We had the good fortune of connecting with Mike Shisler and we’ve shared our conversation below.
Hi Mike, is there something that you feel is most responsible for your success?
The most important factor behind my success is that I draw and paint the places as I experience them in that exact moment. As a plein air painter or urbansketcher I am innately connected to a place in time with all of my senses. The weather, the sights, sounds and smells all get translated through my pen and brush which, when all goes well, creates a unique work of art that is more alive than anything I could make in a studio. I have also found success in following my passion and my interests. Through my art, I seek to tell a story, quench my curiosity and be a general student of the world, which informs my work and informs the viewer.
Can you open up a bit about your work and career? We’re big fans and we’d love for our community to learn more about your work.
I have always felt most confident, satisfied and whole when I am creating. With that in mind, from an early age, I knew I wanted to spend my life in a creative endeavor. In my teenage years I considered music, writing, photography and art before finding a passion in architecture and the built environment. I studied architecture at Temple University in Philadelphia and graduated with a 5 year Architecture degree. I then began working in various architecture firms in a variety of roles until I drifted a little too far from the creative and artistic foundation that set me on that initial course. By my 30th birthday, I knew a change was necessary and so I picked up my artistic tools that had sat idle too long and began a mission to start sketching. I wanted to keep a visual journal of the places I went, the life I was living and generally, the world around me. Within a few short years, this simple sketchbook grew into an artistic motivation to quit my full-time job and move into a van. By no longer being tethered to a physical address and a mortgage, I was free to move about the country with the sole purpose of drawing, sketching, painting and capturing the vast and beautiful world around me. I began sharing my work with a larger audience on Instagram (@drawn.there) and opened an online shop to sell prints and take on commissioned projects. There are still daily challenges and obstacles along the way, but I am closer to my childhood dream than ever before.
Let’s say your best friend was visiting the area and you wanted to show them the best time ever. Where would you take them? Give us a little itinerary – say it was a week long trip, where would you eat, drink, visit, hang out, etc.

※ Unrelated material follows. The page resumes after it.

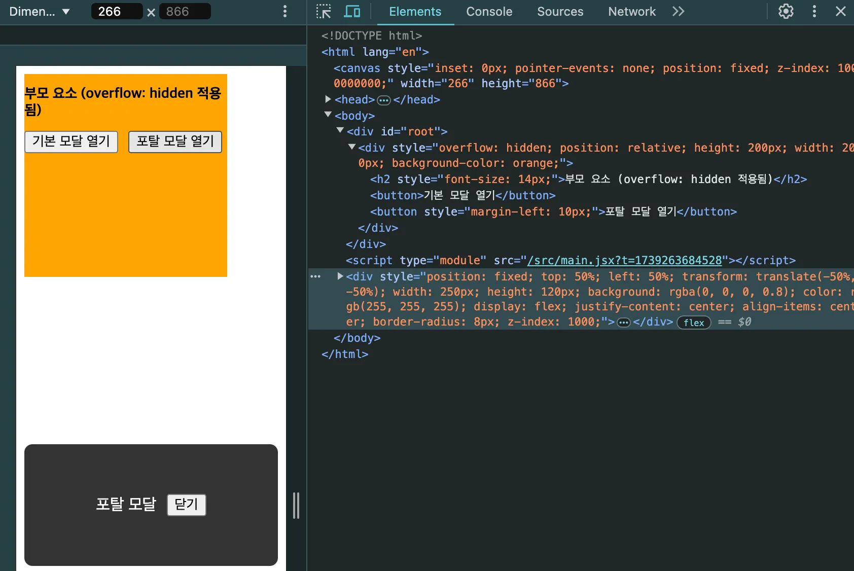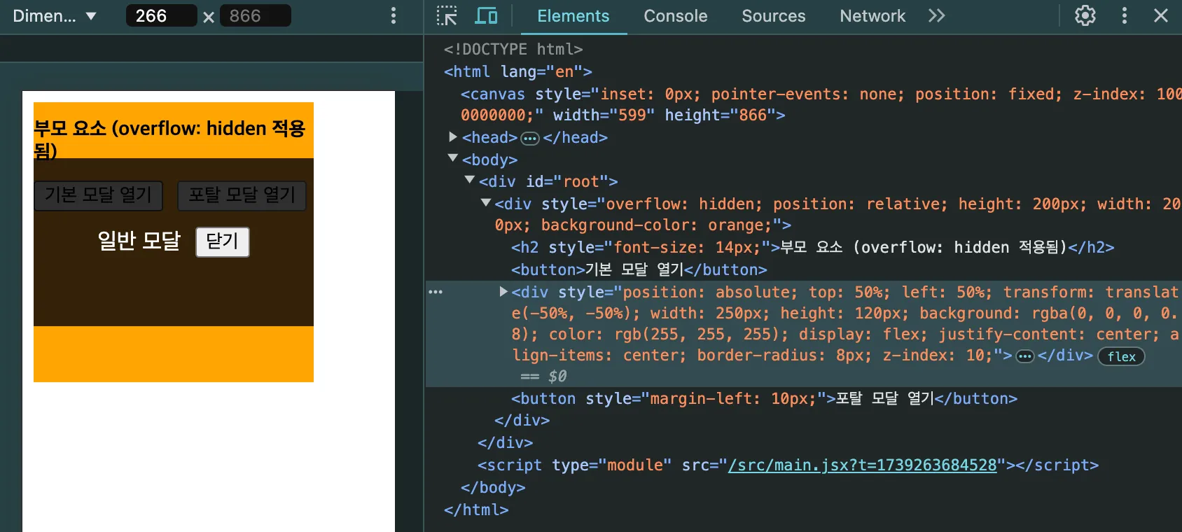 먼저, 두가지 상황을 코드로 구현한 것이다. 한개의 modal은 portal을 적용하지 않아 modal의 일부분이 hidden 처리가 될 것이고, 한개의 modal은 portal이 적용되어 최상단에 전체가 다 보일 것이다.

Being a nomad and an artist, having a friend come to visit would certainly mean one thing — road trip. And even though I live and travel in a van, my favorite mode of transportation is a bicycle. In the Spring of 2020 I biked solo, from New Jersey to California creating drawings and paintings along the way. So a one week bike trip with a friend would look something like this… Starting on the Olympic Peninsula in Washington, we would explore the rugged coastline and sea stacks of the Pacific Northwest. We would draw the towering trees as they cling to the rocky and eroding coastline. From there we would bike south along the coast with a daily lunch of fresh sea food and nights around a campfire. In Oregon we would bike up to the high desert of Bend and cool off with a float down the Deschutes River, stuffing our empty bellies with food truck tacos. Another few hundred miles of biking would warrant a stop in some rustic hot springs for a relaxing soak as we paint the dark forests of the Upqua National Forest. Heading West back to the coast, we follow Route 1 and Route 101 into Northern California.
The Shoutout series is all about recognizing that our success and where we are in life is at least somewhat thanks to the efforts, support, mentorship, love and encouragement of others. So is there someone that you want to dedicate your shoutout to?
One of the pivotal moments in my artistic journey was when I was studying architecture in college. During my 4th year, I had the opportunity to spend a semester in Rome, Italy. There, we studied the classical forms and immersed ourselves into Renaissance art and architecture. One of the classes that most inspired me was a sketchbook class that would take us out into the city to observe and capture the city around us. This class was a welcomed break from the academic and structured curriculum and gave me the opportunity to find pleasure and joy in the act of drawing. I would like to thank Temple University Rome and my Italian sketchbook teacher who smelled like patchouli for introducing me to a new way to see the world, interact with it and find my place in it.